Applications that support an uncontrolled or unadaptive transmission behavior SHOULD NOT do so by default and SHOULD instead require users to explicitly enable this mode of operation.
Applications designed for use within a controlled environment (see Section 3.6) may be able to exploit network management functions to detect whether they are causing congestion, and react accordingly. If the traffic of such applications leaks out into unprovisioned Internet paths, it can significantly degrade the performance of other traffic sharing the path and even result in congestion collapse. Protocols designed for such networks SHOULD provide mechanisms at the network edge to prevent leakage of traffic into unprovisioned Internet paths (e.g., [RFC7510]). To protect other applications sharing the same path, applications SHOULD also deploy an appropriate circuit breaker, as described in Section 3.1.10.

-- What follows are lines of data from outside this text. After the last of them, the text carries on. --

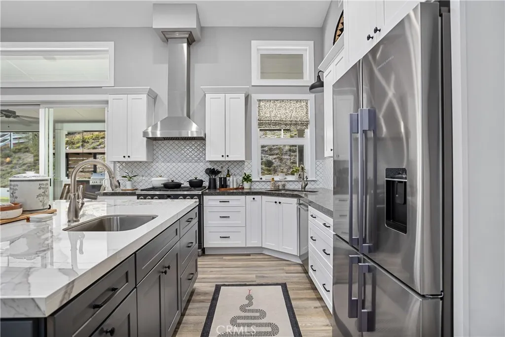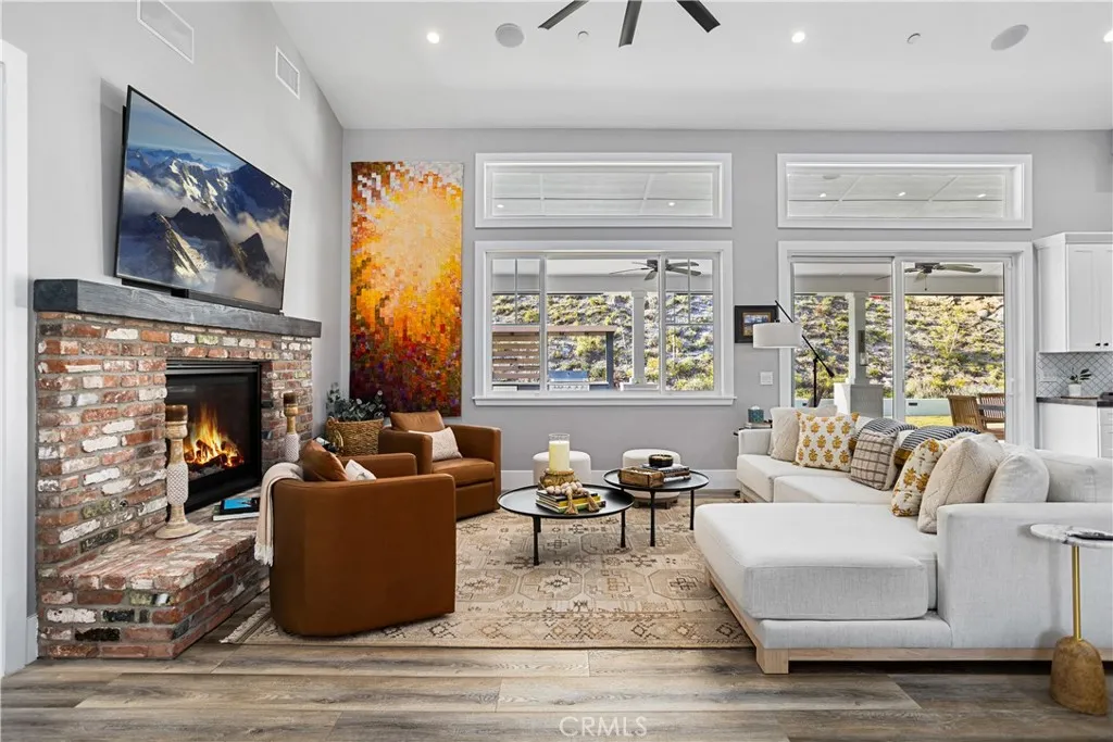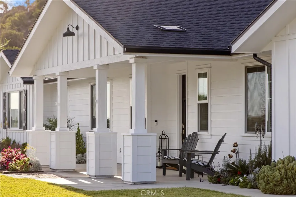 Refined modern farmhouse estate built in 2019 and situated on 4.5 private acres in the prestigious De Luz area of Temecula. This exceptional property offers privacy, sophistication, and panoramic valley and hillside views with resort-style outdoor living. The backyard is a true showpiece, featuring a custom pool and spa positioned to capture expansive valley views, a covered patio ideal for entertaining, an outdoor kitchen, and professionally designed hardscape and landscaping. Automated irrigation, landscape lighting, and a fenced pool area enhance convenience and privacy. Inside, the open-concept great room showcases vaulted ceilings, abundant natural light, Milgard Tuscany windows, luxury vinyl plank flooring, tall baseboards, and a custom fireplace. A whole-house audio system extends throughout the interior, patio, porch, and garage for seamless indoor-outdoor living. The custom kitchen features an oversized island, quartz countertops, tile backsplash, soft-close cabinetry, stainless steel appliances, and a Caf Professional electric oven. The adjacent dining area is plumbed for a wet bar or coffee station. The home offers 4 bedrooms and 3 upgraded bathrooms, including a private office with French doors. The primary suite includes 9-foot ceilings, a custom walk-in closet, and a spa-inspired bath with dual vanities and an oversized dual walk-in shower with rain heads. Additional highlights include owned solar, tankless and new water heaters, whole-house fan, Lifesource whole-home water system, whole-home alarm system, EV charging-ready outlet, owned Starlink system, and e
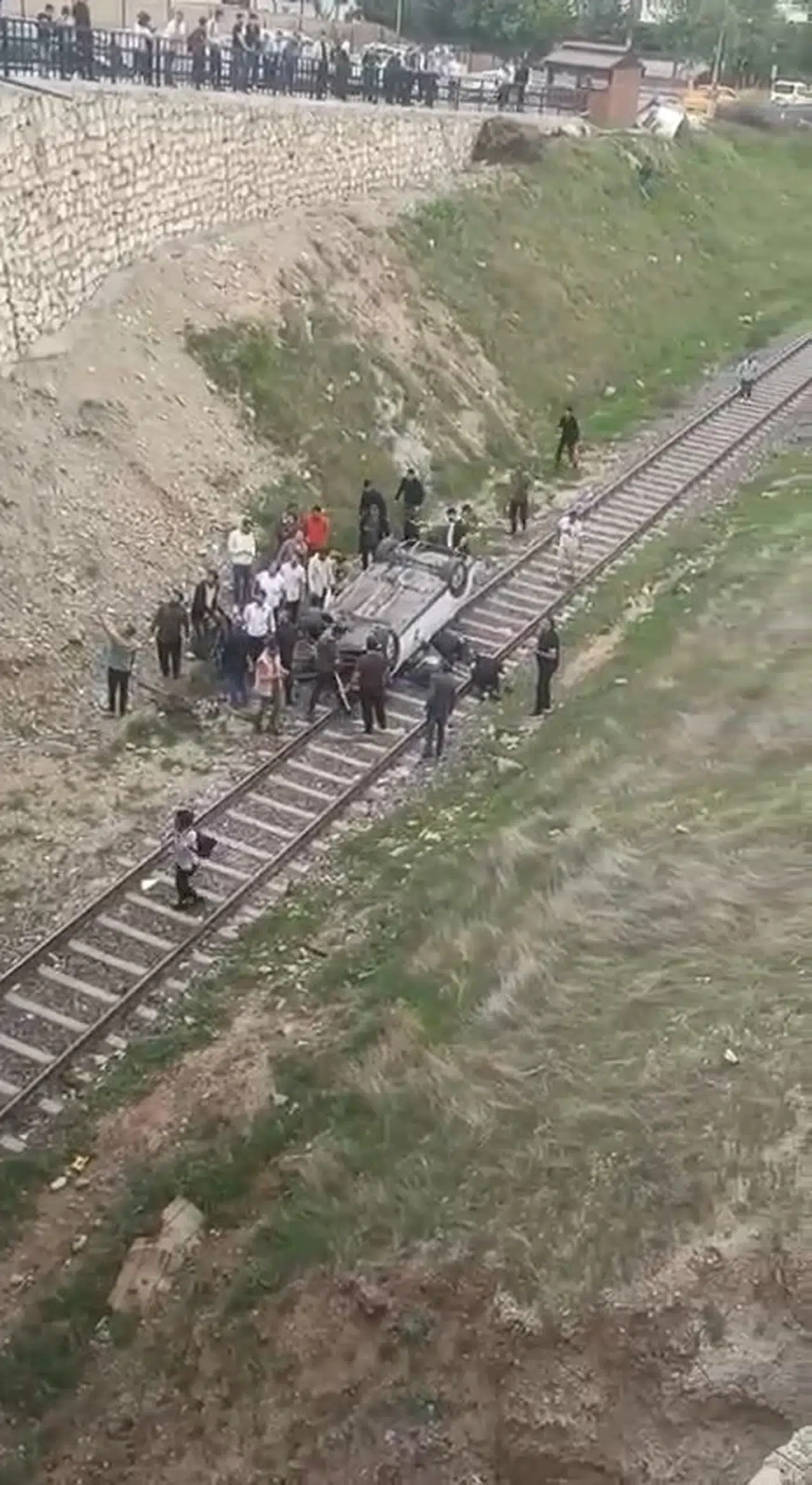 Bayram AYHAN/BATMAN, (DHA)- BATMAN’da yaklaşık 7 metre yükseklikteki köprünün demir korkuluklarını kırarak demir yoluna düşen otomobildeki 3 kişi yaralandı.
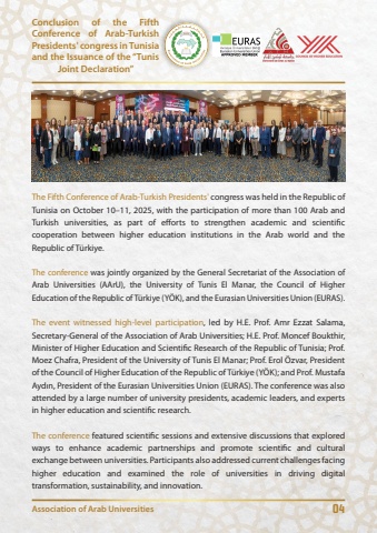 Association of Arab Universities 04The Fifth Conference of Arab-Turkish Presidents' congress was held in the Republic of Tunisia on October 10%u201311, 2025, with the participation of more than 100 Arab and Turkish universities, as part of efforts to strengthen academic and scientific cooperation between higher education institutions in the Arab world and the Republic of T%u00fcrkiye.The conference was jointly organized by the General Secretariat of the Association of Arab Universities (AArU), the University of Tunis El Manar, the Council of Higher Education of the Republic of T%u00fcrkiye (Y%u00d6K), and the Eurasian Universities Union (EURAS).The event witnessed high-level participation, led by H.E. Prof. Amr Ezzat Salama, Secretary-General of the Association of Arab Universities; H.E. Prof. Moncef Boukthir, Minister of Higher Education and Scientific Research of the Republic of Tunisia; Prof. Moez Chafra, President of the University of Tunis El Manar; Prof. Erol %u00d6zvar, President of the Council of Higher Education of the Republic of T%u00fcrkiye (Y%u00d6K); and Prof. Mustafa Ayd%u0131n, President of the Eurasian Universities Union (EURAS). The conference was also attended by a large number of university presidents, academic leaders, and experts in higher education and scientific research.The conference featured scientific sessions and extensive discussions that explored ways to enhance academic partnerships and promote scientific and cultural exchange between universities. Participants also addressed current challenges facing higher education and examined the role of universities in driving digital transformation, sustainability, and innovation.Conclusion of the Fifth Conference of Arab-Turkish Presidents' congress in Tunisia and the Issuance of the %u201cTunis Joint Declaration%u201d

An IETF specification targeting a controlled environment is expected to provide an applicability statement that restricts the application to the controlled environment (see Section 3.6).
A transport circuit breaker is an automatic mechanism that is used to estimate the congestion caused by a flow, and to terminate (or significantly reduce the rate of) the flow when excessive congestion is detected [I-D.ietf-tsvwg-circuit-breaker]. This is a safety measure to prevent congestion collapse (starvation of resources available to other flows), essential for an Internet that is heterogeneous and for traffic that is hard to predict in advance.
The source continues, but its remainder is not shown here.